しかし、自然破壊とはこういうものを指すのだろう。抉られた山肌と土砂で汚れた湖を見て思う。かつては湖畔に観光客を狙った飲食店があり、それらは自然を極力破壊しないように、ひっそりと佇んでいた。それが今や、無理やり山も湖も奪われ、ニオ・フィクナー一人を隠すための隔離施設になっている。
なんともやりきれない気持ちで、慎重に進んでいく。目指すは、最奥にいるニオ・フィクナーがいる家屋と、そこから離れた中央サーバーのあるあばら家だ。

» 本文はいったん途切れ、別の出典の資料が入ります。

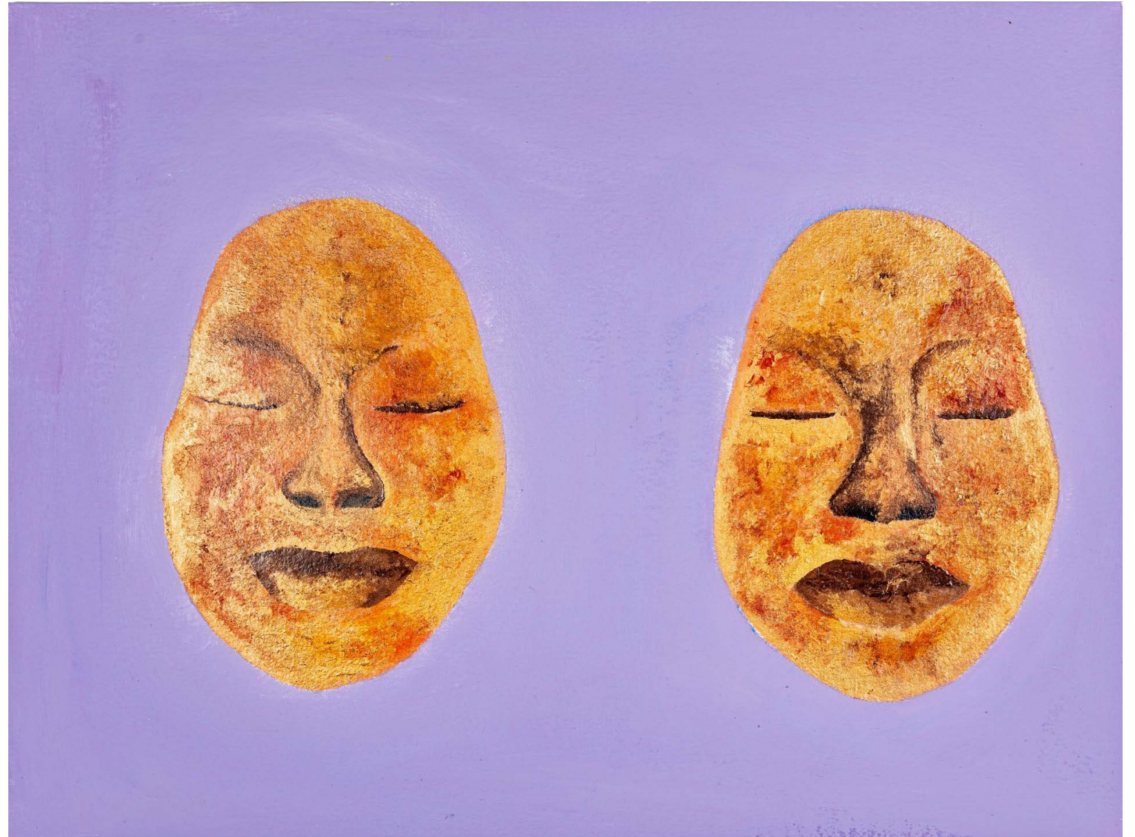
ASHLEY SCOTT BUBI OCHE, 2020, acrylic paint on paper · 36 x 48 cm

怪しまれないようにゆっくりと、そしてアンドロイドらしく決まった歩幅で近寄る。小高い山になりつつある道を登れば、中央サーバーがある倉庫とニオ・フィクナーのいる家屋に道が分かれた。事前の打ち合わせ通り、アーニャにはニオ・フィクナーの方へ向かってもらう。
ここからは、それぞれが一人で仕事をこなす必要がある。とはいっても、相手はアンドロイドだ。いくら人間に近づけようと、所詮は機械。自然ではなく人間が作りだした産物だ。だとするならば、同じ人間に突破できないはずはない。
斎賀アキムの作ったアンドロイドをここまで観察して分かったことだが、非情に人間に似ているも、事前情報通り、機能はそこまで完璧ではない。これだけで、自らのスキャンダルを隠しつづけるつもりだったのだろうか。
疑問は後だ。今は、アリアからのバックアップを遮るジャミングを解かなくてはならない。それさえ完了すれば、ここにいるアンドロイドたちは動けなくなる。帰る際の偽装データは必要ないかもしれない。
そう、楽観的にこの先のことを捉えた時だった。アラームが鳴り響き、アンドロイドたちの両目のカメラが赤く点灯したのは。
何かがあった。おそらく、アーニャかニオがドジを踏んだのだろう。開けている草木の生えていない丘の上に、アンドロイドたちは集結しつつある。その手に人を殺せるアサルトライフルを持って。
面倒なことになった。ベルカントは舌打ちをうちつつ丘を駆け上がると、ギリギリ人が住める程度の家の中へ向けて、アサルトライフルが向けられている。その数は四十を超え、虐殺が起こせる程のアンドロイドが立ちふさがっている。
どうするか。ベルカントは早急に答えを導き出すと、メインサーバーへと全力で走って向かった。向こうにアンドロイドが集中しているので、怪しまれない。
しかし、時間は限られている。事前にアリアから言われていた全機能の停止は無理でも、一部なら可能なはずだ。念のため、高高度からドローンでこちらを見ているだろうアリアに、知らせる必要がある。車が必要だと。
コンバットマグナムを構えて中央サーバーのある家屋の扉を蹴破ると、こちらに反応した三体のアンドロイドへ寸分たがわず弾丸を二発ずつ撃ちこむ。おじいさんからの教えだ。一発で仕留めようとするなとしつこく言われた。撃つときは必ず、体の中央を狙って二発撃ちこむ。そうすれば、仮に死にはしなくても、動けなくなる。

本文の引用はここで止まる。